Varied Layer Topologies in Luminescent Zinc Coordination Polymers with Flexible Aromatic ortho‐Dicarboxylate and Dipyridyl Ligands

Abstract

AbstractHydrothermal synthesis has afforded four divalent zinc flexible‐arm aromatic ortho‐dicarboxylate coordination polymers containing dipyridyl coligands. According to X‐ray crystallography, all four show layered coordination polymer structures. Nevertheless there is significant ligand influence on the nature of zinc atom aggregation and overall topology. In both {[Zn2(hmph)2(dpa)2]·2H2O}n (1) (hmph = homophthalate, dpa = 4, 4′‐dipyridylamine), and {[Zn2(hmph)2(dpe)2](ClO4)2·H2dpe·4H2O}n (2) [dpe = bis(4‐pyridyl)ethane], large {Zn2(hmph)2} dimeric units are evident, along with an overall herringbone (6, 3) layer topology.
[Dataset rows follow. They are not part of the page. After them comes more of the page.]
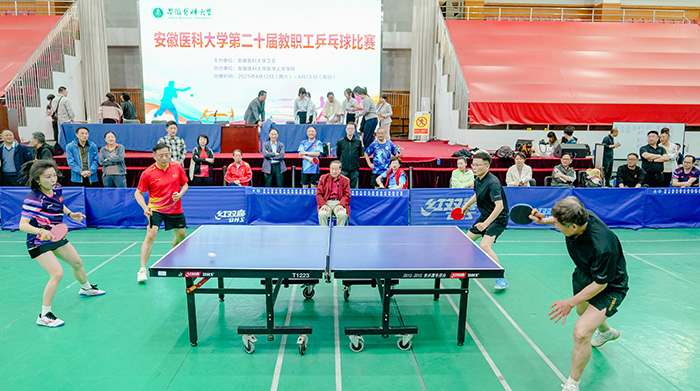 徐朝阳指出,乒乓球作为国球,在我校有着广泛的群众基础,一直是安医大校园文化的重要载体。为积极响应国家号召,全力营造健康文明、昂扬向上、全员参与的教职工文化氛围,进一步激发全体教职工团结奋斗的精气神,学校开展此次乒乓球比赛,为教职工们搭建了一个强身健体的平台,提供了增进友谊、促进交流的机会。希望参赛队员们赛出水平,彰显体育精神,以精湛的球技和文明的赛风展现安医大教职工的风采;赛出风格,凝聚团队力量,用每一次挥拍传递“友谊第一、比赛第二”的体育情怀;赛出境界,弘扬师德风范,将赛场上公平竞争、尊重对手、永不言败的精神,转化为立德树人、医者仁心的生动实践。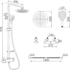 SAAR Opbouw Douche Set – Rond – Thermostaatkraan – Glijstang – Regendouche – Handdouche – Mat Zwart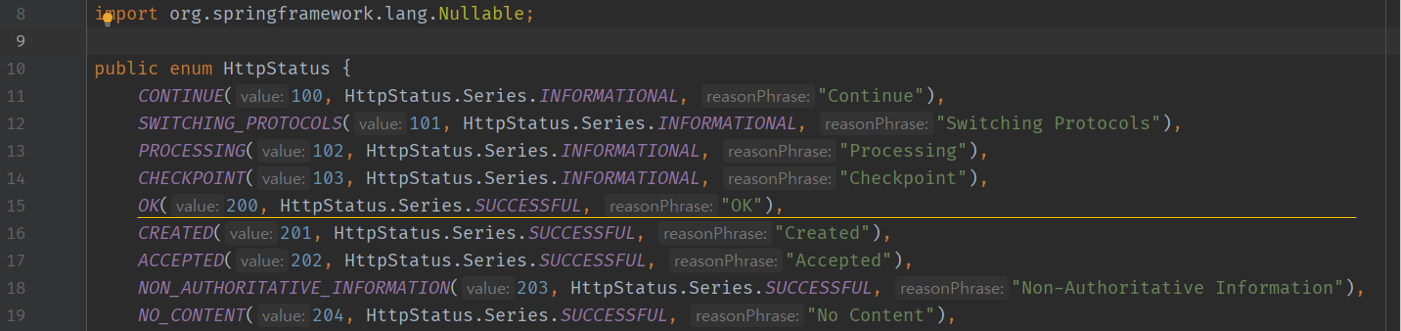 참고로 저기서 HttpStatus.OK는 이런 것이다.
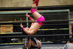 佐藤ロープに振る、高尾切り返してドロップキック、佐藤ロープにつかまってスカす、佐藤ロープに飛ぶ、高尾前転からドロップキック(右写真)、石井にタッチ。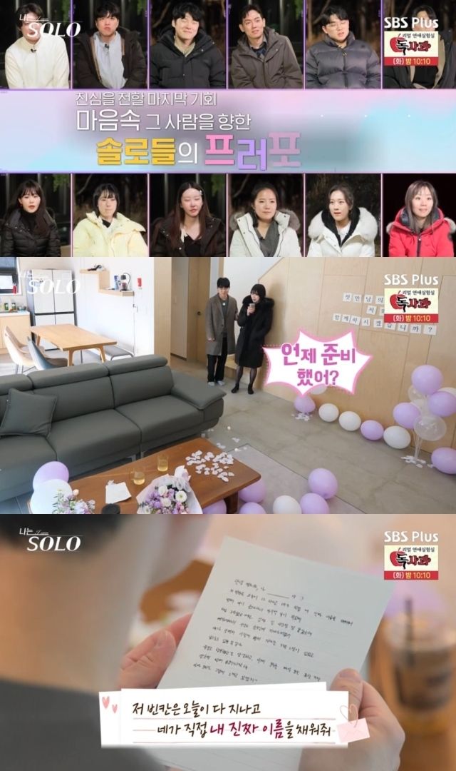 19일 방송된 케이블채널 '나는 솔로(나는 SOLO)'에서는 20기 솔로남녀들이 5박 6일의 여정 끝 최종 선택에 나서는 현장이 공개됐다. 이날 최종선택을 앞두고 솔로남녀들은 마음속 그 사람을 향한 진심을 전할 마지막 기회 '솔로들의 프러포즈' 시간을 가졌다.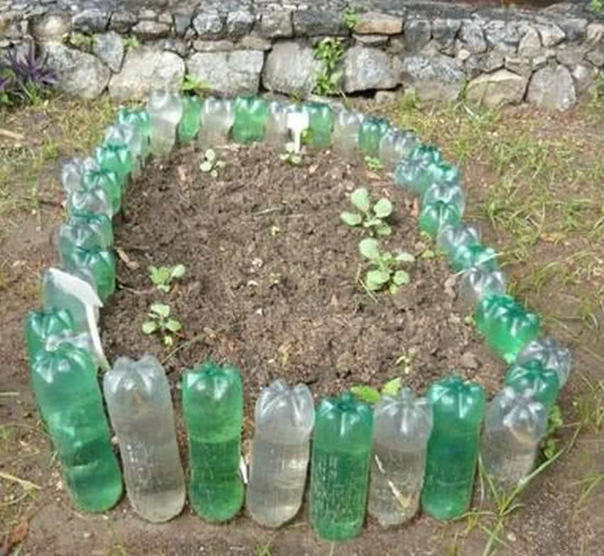 Проявив немного фантазии, можно сделать грядки необычной формы. Сделать такие грядки несложно, просто отрежьте верхнюю часть бутылки, засыпьте песком и готово.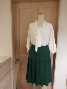 縦の緩やかなプリーツとウエストラインの締まったデザイインで女性には
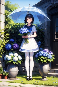 1girl, black_hair, blue_flower, blue_rose, bouquet, closed_eyes, dress, flower, flower_pot, full_body, grass, holding, holding_bouquet, holding_flower, hydrangea, leaf, lily_\(flower\), morning_glory, outdoors, plant, potted_plant, purple_flower, rain, sailor_collar, shoes, short_hair, smile, socks, solo, standing, white_legwear

The longer span of the dpe ligands results in larger incipient channels, which can accommodate protonated dpe dications and perchlorate counterions. In {[Zn2(hmph)2(3‐pna)]·H2O}n (3) (3‐pna = 3‐pyridylnicotinamide), {Zn2(OCO)2} anti‐syn bridged dimers and {Zn2(OCO)4} syn‐syn paddlewheel dimers coexist and are linked together by hmph and 3‐pna ligands into decorated (4, 4) grid coordination polymer layers. {[Zn(1, 2‐phda)(3‐pina)]·2H2O}n (4) (1, 2‐phda = 1, 2‐phenylenediacetate, 3‐pina = 3‐pyridylisonicotinamide) manifests an undulating (4, 4) grid structure with isolated zinc atoms; the “wavelength” of the layers measures over 40 Å. Luminescent properties of these materials are also reported.